Apa-apaan?! Aku ingat jelas kalau wanita itu sendiri yang menumpahkan minuman itu ke gaunnya dan menjatuhkan gelasnya saat tanganku hendak meraih gelas tersebut!
"Charles, aku tidak-"
Aku menghentikan kalimatku saat Charles menatapku dengan tatapan penuh kebencian sambil menyembunyikan Odelia yang sedang sibuk menangis palsu di belakang punggungnya.
"Aku tidak ingin mendengar alasan darimu. Pergi dari hadapan Odelia sekarang juga!"
Semua bangsawan yang menghadiri pesta ulang tahun Pangeran Detrix Osvald mulai berbisik satu sama lain dan menatapku dengan tatapan mencemooh setelah Charles membentakku dengan keras barusan.
"..."
Melihat tatapan para bangsawan padaku, membuat ingatan yang sudah ku kubur dengan sangat dalam dan tak ingin ku ingat lagi, kembali berputar di dalam ingatanku.
"Dasar cewek gak tahu diri. Nggak cantik tapi berani-beraninya deketin Kak Roni."
"Kudengar dia jual diri sama om-om."
"Pantes aja dia berani deketin Kak Roni. Pake pelet apasih dia?"
"Aku dengar ada yang lihat dia main ke club pas malam minggu. Emang dasarnya lacur sih. Apalagi Kak Roni cowok, pantes aja Kak Roni kegoda sama dia."
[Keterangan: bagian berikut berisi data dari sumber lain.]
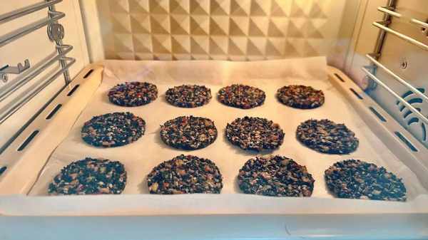 4. 所有芝麻薄饼全部摊好,送入提前预热好的烤箱,145度烤30-40分钟 (根据自家烤箱的脾气调整温度哦),温度不宜太高,不然容易烤糊。

"Lagi butuh duit banget apa ya sampe jual diri? Hahaha."
"Ugh."
Tiba-tiba, aku teringat penindasan yang dilakukan oleh teman sekelasku saat aku duduk di bangku SMA. Mengingat hal yang dengan susah payah kucoba lupakan selama bertahun-tahun, membuat tubuhku mulai bergetar ketakutan. Aku mencoba menatap Charles kembali.
Ah.
Aku dapat melihatnya sekarang.
Sepertinya, Charles benar-benar sangat membenciku.
Entah mengapa, mataku mulai memanas dan tubuhku terasa dingin.
Aku memandang kedua orang itu dengan hambar lalu berbalik meninggalkan mereka tanpa mengucapkan satu patah katapun.
-_*_-
"Cornelia! Apa yang baru saja kau lakukan pada Odelia?!"
Detrix, yang baru saja tiba dan hendak memasuki Ballroom Osvald, tiba-tiba saja menghentikan langkahnya lantaran ia mendengar nama wanita yang pernah menjadi tunangannya disebut di dalam ballroom.
Pengawal yang hendak mengumumkan kehadiran sang pangeran, terpaksa menghentikan tugasnya lantaran pangeran memintanya untuk diam.
Detrix mengamati tiga orang yang menjadi pusat perhatian bangsawan saat ini.
Wanita bersurai pirang yang manis dan cantik, pria bersurai hitam yang ia kenal, dan terakhir wanita bersurai hitam kebiruan yang amat cantik hingga mampu membuat seluruh pria di dunia ini rela bertekuk lutut untuk mendapatkan dirinya jika saja dirinya masih lajang.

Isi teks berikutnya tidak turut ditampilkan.